Parse sonarqube logs

Hi,

I have been using logstash for a month now and diving deep into its filters. I am facing issues with parsing sonarqube logs. I have configured filebeat to send 5 log files that are generated by sonarqube and added filter to differentiate them. I see the logs coming in kibana but I am not able to break the message using the grok filter. I check the grok pattern using the grok debugger and it works fine. I am not able to trace the issue of why the message field is not breaking fine.
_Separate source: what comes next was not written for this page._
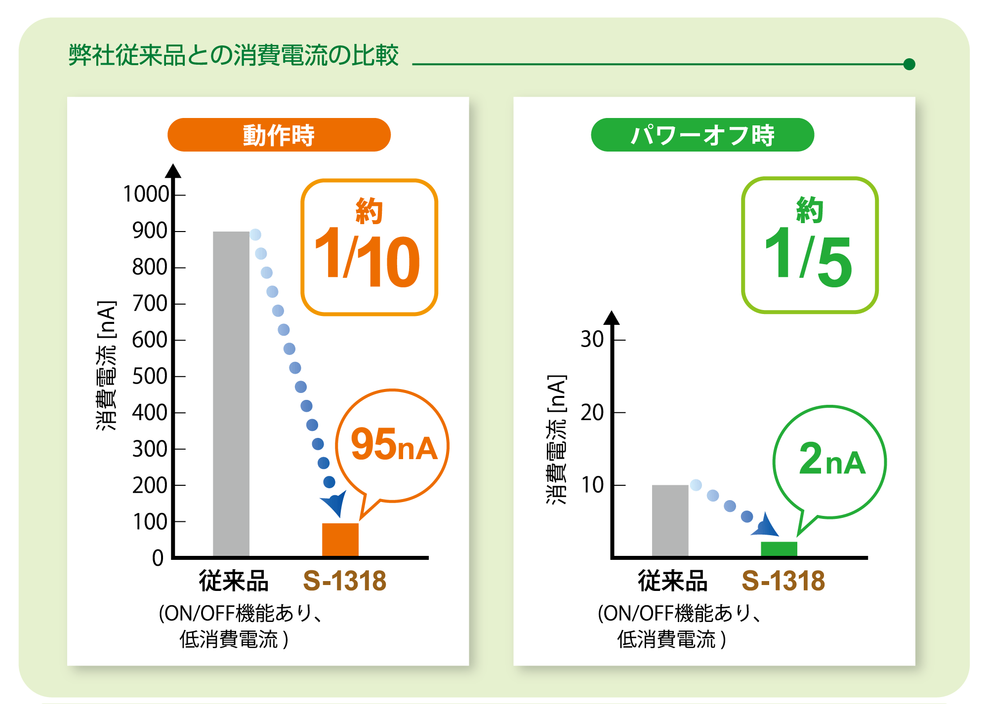 1. 世界最小クラス! 消費電流95nAを実現! S-1318
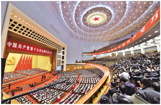 2017年10月24日,中國共產黨第十九次全國代表大會勝利閉幕。大會通過了關于十八屆中央委員會報告的決議。報告中八個“明確”中指出“明確全面推進依法治國總目標是建設中國特色社會主義法治體系、建設社會主義法治國家”,十四個“堅持”中指出“堅持全面依法治國”。 可為 攝

Below are the filebeat, logstash configurations and the message.

filebeat configs:

filebeat.prospectors:

  • type: log
    enabled: true
    paths:

    • /opt/sonarqube/logs/access.log
      fields:
      log_type: access
  • type: log
    enabled: true
    paths:

    • /opt/sonarqube/logs/web.log
      fields:
      log_type: web
  • type: log
    enabled: true
    paths:

    • /opt/sonarqube/logs/ce.log
      fields: {log_type: ce}
  • type: log
    enabled: true
    paths:

    • /opt/sonarqube/logs/es.log
      fields: {log_type: es}
  • type: log
    enabled: true
    paths:

    • /opt/sonarqube/logs/sonar.log
      fields: {log_type: sonar}
      ===================================

logstash configs:

input {
beats {
port => 5044
}
}

filter {
if [host] == "sonarqube" {
if [log_type] == "sonar,es,ce,web" {
grok {
match => { "message" => "%{YEAR:year}.%{MONTHNUM:month}.%{MONTHDAY:day} %{TIME} %{LOGLEVEL:loglevel} %{WORD:logtype}%{SYSLOG5424SD:emptybraces}%{SYSLOG5424SD:syslogclass} (?m)%{GREEDYDATA:log}" }
}
}
else if [log_type] == "access" {
grok {
match => { "message" => "%{IP:client_ip} %{USER:ident} %{USER:auth} [%{HTTPDATE:apache_timestamp}] "%{WORD:method} /%{NOTSPACE:request_page} HTTP/%{NUMBER:http_version}" %{NUMBER:server_response}" }
}
}
}
}

output {
stdout {
codec => rubydebug
}
if [host] in ["jenkins","sonarqube","artifactory"] {
elasticsearch {
hosts => "xx.xx.xxx.xx:9200"
manage_template => false
index => "%{[@metadata][beat]}-%{[host]}-%{[@metadata][version]}-%{+YYYY.MM.dd}"
}
}
}

message:
65.31.78.194 - - [01/Mar/2018:17:02:08 +0000] "GET /api/qualitygates/list HTTP/1.1" 200 62 "http://13.58.227.31:9000/quality_gates" "Mozilla/5.0 (Windows NT 10.0; Win64; x64) AppleWebKit/537.36 (KHTML, like Gecko) Chrome/63.0.3239.132 Safari/537.36" "AWHiK6vfp97mp7BlAACg"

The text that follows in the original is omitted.